Che cos’è un’organizzazione di fornitori preferiti?

Un’organizzazione di fornitori preferiti, o PPO, è un tipo di organizzazione di cure gestite che viene spesso offerta come parte della copertura assicurativa sanitaria negli Stati Uniti. Il concetto di base di questo approccio è quello di offrire ai membri del piano assicurativo l’accesso a professionisti medici altamente qualificati che hanno anche accettato di fornire cure a tariffe ridotte a tutti i membri del piano. Mentre l’esatta struttura del PPO varierà in qualche modo da un fornitore all’altro, la maggior parte dei piani di questo tipo fornisce maggiori benefici se il membro utilizza medici e strutture sanitarie che fanno parte della rete. Un beneficio ridotto è spesso disponibile nel caso in cui il membro utilizzi un medico o una struttura che non è considerata parte della rete.

Un piano point of service strutturato come un’organizzazione di provider preferito è disponibile in più impostazioni. I piani assicurativi di gruppo offerti attraverso i datori di lavoro e altri tipi di organizzazioni utilizzano spesso questo modello. Questo tipo di piano viene spesso offerto anche agli individui che desiderano assicurarsi una copertura assicurativa sanitaria personale. Molte persone preferiscono questo approccio, poiché offre la possibilità di scegliere i propri fornitori di assistenza sanitaria dall’elenco di medici fornito dal fornitore di assicurazioni. Ciò è in contrasto con la maggior parte delle organizzazioni HMO o di mantenimento della salute, in cui gli amministratori del piano assegnano il membro a un medico di base.

Un altro vantaggio della maggior parte dei piani di organizzazione del fornitore preferito è che i membri possono scegliere di utilizzare medici al di fuori del piano, ma con un vantaggio ridotto.

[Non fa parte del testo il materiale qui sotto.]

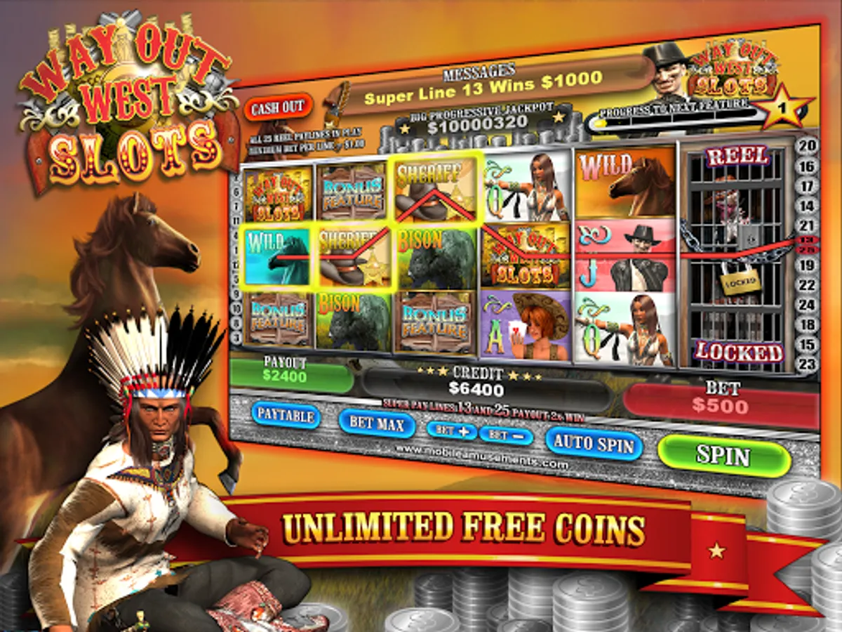 Including extra features such as Free Spin Bison, $10000 Sheriff Star Cash Bonus, 2x Payout Reels feature, Lucky Line, Super Lines, Multi-Free Spins and Huge cash payouts.
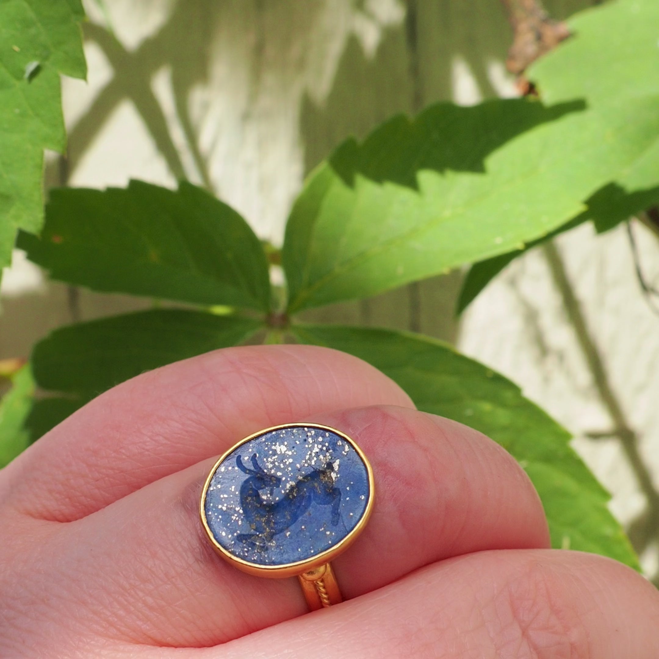 Vintage 22k Gold Lapis Goat Intaglio Ring
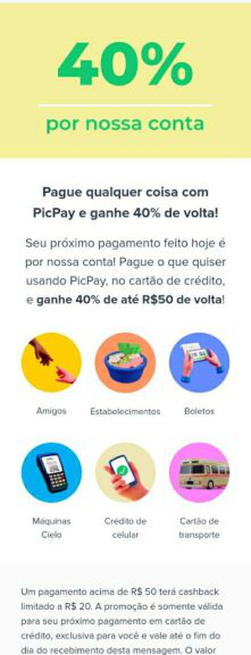 [Usuários Selecionados] 40% de Cashback em pagamentos no PicPay
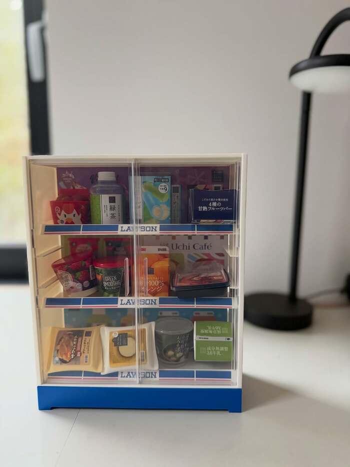 商品棚には、本物そっくりなジュースやアイス、飲み物、からあげクンなどがずらりと並んでいます。思わず手に取りたくなるかわいさです。
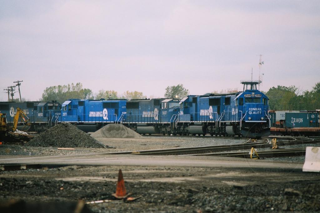 Conrail power that includes some new SD70's like the 2568 facing the photographer is seen at the former Erie Lackawanna 51st Street Yard in Chicago, IL in November 1998. Other units that can be identified in the shot includes CR 6810(SD50), 2577(SD70), 5607(SD60I), and 2560(SD70). Doug Davidson photo with permission
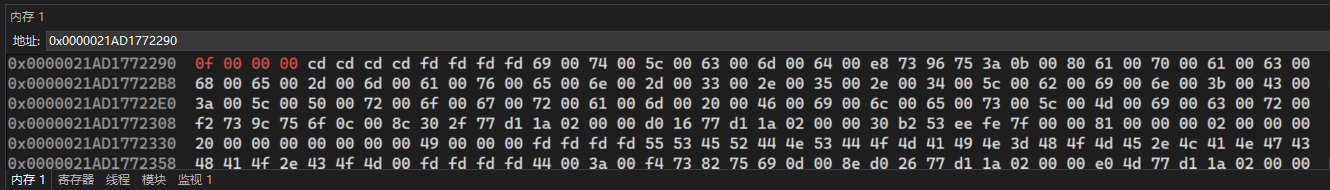 运行完"::new (static_cast<void*>(_STD addressof(_Obj))) _Ty(_STD forward<_Types>(_Args)...);"函数之后我们再看0x0000021AD1772290地址发现已经初始化了值,值为 0f =15 ,int类型4个字节。
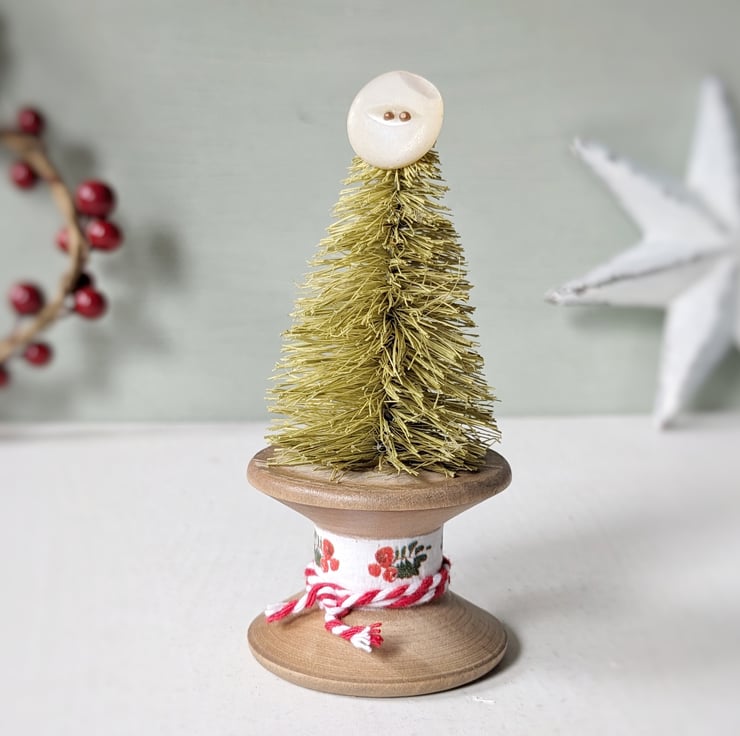 A little Festive tree sits atop a worn vintage wooden bobbin with a teeny mother of pearl button for a star!
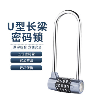 飞尔(FLYER)U型长梁锌合金密码锁 柜子抽屉防盗锁 大门仓库户外防水防锈安全挂锁【银色5位密码锁】
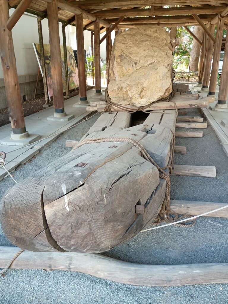 修羅とは古墳を造るときに巨石を運ぶために使った橇(そり)で、菅原道真の祖先、土師氏がその技術を持っていたと考えられています。付近の三塚古墳の周濠から出土しました。

Ad esempio, l’utilizzo di un medico di base che fa parte del PPO può significare che il membro paga solo il 20% della tariffa per la visita in studio. Al contrario, vedere un medico che è al di fuori della rete può significare che la spesa di tasca propria è del 50%. Ciò incoraggia i membri a cercare assistenza medica all’interno della rete, ma offre comunque la possibilità di uscire dalla rete se le circostanze lo richiedono e ricevere qualche tipo di beneficio dalla copertura.

Medici di base, specialisti e persino strutture sanitarie come gli ospedali traggono vantaggio dall’essere membri dell’organizzazione del fornitore preferito. Poiché la maggior parte dei pazienti che hanno la copertura sceglierà di avvalersi dei servizi sanitari forniti all’interno della rete, ciò significa un aumento degli affari per gli operatori sanitari. Inoltre, quando il PPO ha la reputazione di elaborare rapidamente le richieste di risarcimento, ciò significa anche che il medico o l’ospedale riceve rapidamente il pagamento, un fattore che è spesso una considerazione importante quando si decide se accettare o meno piani assicurativi offerti da diversi fornitori.

Quando si valuta un’organizzazione di fornitori preferenziali, è una buona idea ottenere un elenco di fornitori di servizi sanitari attualmente iscritti alla rete. Ciò non solo consentirà di determinare se gli attuali fornitori dell’individuo sono inclusi, ma consentirà anche all’individuo di identificare specialisti e varie strutture sanitarie che accettano il piano assicurativo. Ciò può essere utile se in un secondo momento si verificano situazioni mediche insolite, poiché l’assicurato sarà già a conoscenza della selezione di opzioni di assistenza in rete disponibili nelle immediate vicinanze e potrà pianificare di conseguenza.